Sergei Krikalev, a Russian Cosmonaut, Holds the Official World Record for Time Traveling, but it Is Not How You Might Imagine!
Time travel is an interesting topic that gets the scientific communities all excited. However, to a layman, it looks something like this – you fire up a futuristic-looking time machine which allows you to travel back and forth in time and have awesome adventures! While you can blame Hollywood for this dramatized idea, time travel is not all science fiction. Thanks to Einstein’s Theory of Relativity and time dilation, time travel does happen. In fact, Russian cosmonaut Sergei Krikalev has already done it. He holds the record for traveling 0.02 seconds into his own future!
In his career, Sergei Krikalev has gone on six expeditions, and he is famous for having spent over 803 days in space.
Russian mechanical engineer and cosmonaut, Sergei Krikalev is one of the most renowned rocket scientists in the world. He has gone on six space flights and spent a total of 803 days, nine hours, and 39 minutes in space. His journey started in 1985 when he was chosen to be a cosmonaut. By early 1988, he started training for his first mission on the Mir space station. On 26th November of 1988, the expedition started with the launch of Soyuz TM-7. Krikalev and crew returned to Earth five months later on 27th April of 1989.
On May 19, 1991, Krikalev’s second Mir mission began with the launch of Soyuz TM-12. Due to delayed crew replacement, Krikalev needed to prolong his stay. He returned to Earth on March 25, 1992. His third expedition, STS-60 Space Shuttle Discovery, took off on February 3, 1994. After logging another eight days, seven hours, and nine minutes in space, Krikalev returned home on 11 February 1994.
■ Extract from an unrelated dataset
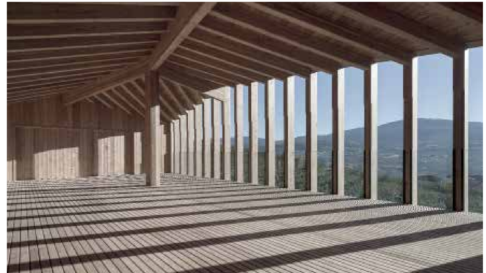
Das unbeheizte Dachgeschoss öffnet sich zur Aussicht. | The unheated attic floor opens towards the view.

4 Gemeinschaftszentrum | Community Centre, 2015 3. Preis | 3 rd prize, € 10 000 Caltron, I-Cles Bauherrschaft | Principals: Comune di Cles Architektur | Architecture: Mirko Franzoso, I-Cles Baukosten | Building costs: € 0.75 Mio. Energiekennzahl | Energy key: 14.8 kWh/m 2 a

STS-88 Space Shuttle Endeavour was a 12-day mission that ran from 4th to 15th December of 1998. Krikalev’s final two expeditions were aboard the International Space Station. ISS Expedition 1 launched on October 31, 2000, and he left the ISS on 18th March of 2001. His final mission, ISS Expedition 11, began on April 14, 2005, and continued until 10 October 2005.
Spending so much time around Earth’s orbit meant that Krikalev has experienced the most time dilation. That means he has technically traveled in time.
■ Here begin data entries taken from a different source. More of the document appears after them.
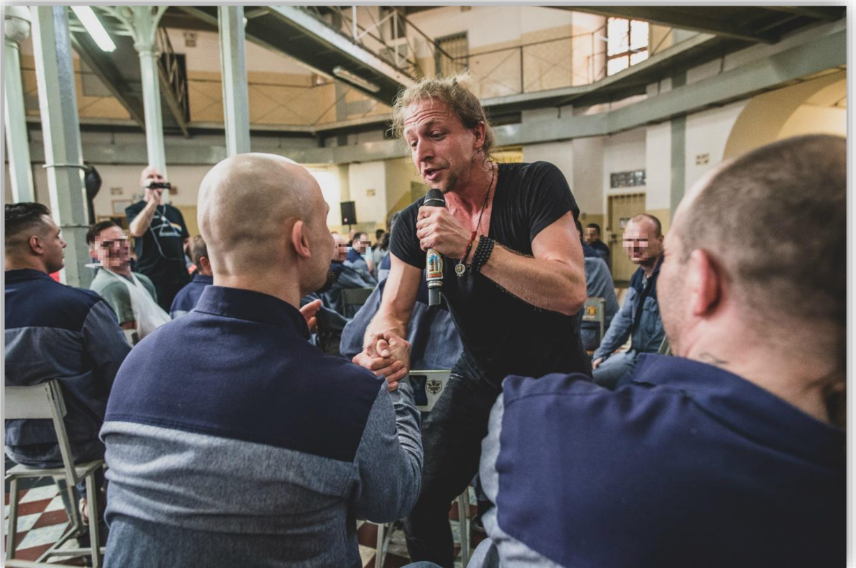
Příloha 4: Koncert Tomáše Kluse ve Věznici Plzeň.
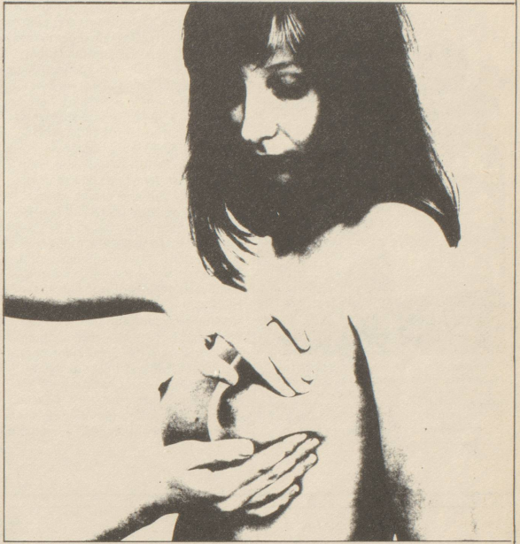
Die Brustuntersuchung kann man selber machen. Ihr Arzt soll Ihnen zeigen wie!

Viele Frauen, die den Fragebogen ausgefüllt haben, negieren Verhütungsmittel, in den meisten Fällen die Pille. Selten informieren die Frauenärzte
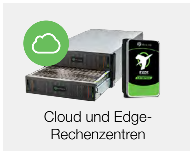
Cloud und Edge-Rechenzentren
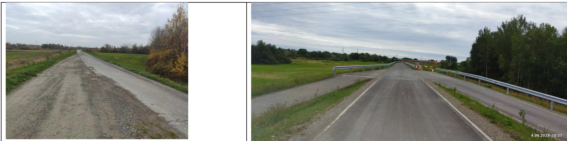
Zdjęcie nr 4: Skrzyżowanie – dr. szutrowa i dr. asfaltowa, przebiegające górą wałów.
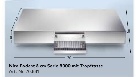
Niro Podest 8 cm Serie 8000 mit Tropfasse Art.-Nr. 70.881

Krikalev’s extended stay on the ISS or the International Space Station has added one more achievement to his name – time travel! To understand how it works, you first need to know that to travel in time, one would have to achieve the speed of light while traveling in space. So, if we could build a spaceship that can go fast as the speed of light or 186,000 miles per second, we could possibly travel in time. Albert Einstein was the first to theorize that.
While orbiting around Earth, the ISS travels at the speed of approximately 7.66 km per second, which, though impressive, is nowhere near the speed of light. However, when you combine the speed of the International Space Station and the extended period of time that Krikalev spent in space, you will see that he has actually traveled 0.02 seconds into the future, and it is possible due to the process called time dilation.
Time dilation can be calculated using Einstein’s theory of relativity, which states that time moves differently for two objects that are experiencing different gravity levels or traveling at different speeds.
Differences in relative velocity and gravity can cause time dilation, but each factor affects time differently. For example, while orbiting the planet, satellites and astronauts stay further away from Earth’s center than people on the ground. Therefore, they will experience reduced gravitational time dilation. That means time would move slightly faster for the astronauts, and when they return to Earth, they would technically be coming back into the past. However, velocity affects the time dilation differently. In this case, clocks would tick relatively slower for the astronauts than people on the ground. That means upon returning to Earth, the astronauts will have to adjust their clocks by advancing the time.
Because Earth’s gravity is weaker than many other planet’s, gravitational time dilation has very little effect. Relative velocity is the primary factor that causes astronauts to experience time dilation. However, current technology can only achieve a limited velocity. That means its effects on time travel are minuscule. For example, if an astronaut spends six months on the ISS, he/she will have aged less than people on Earth, but only by a difference of 0.007 seconds. The difference would have been far greater if the ISS traveled at the speed of light.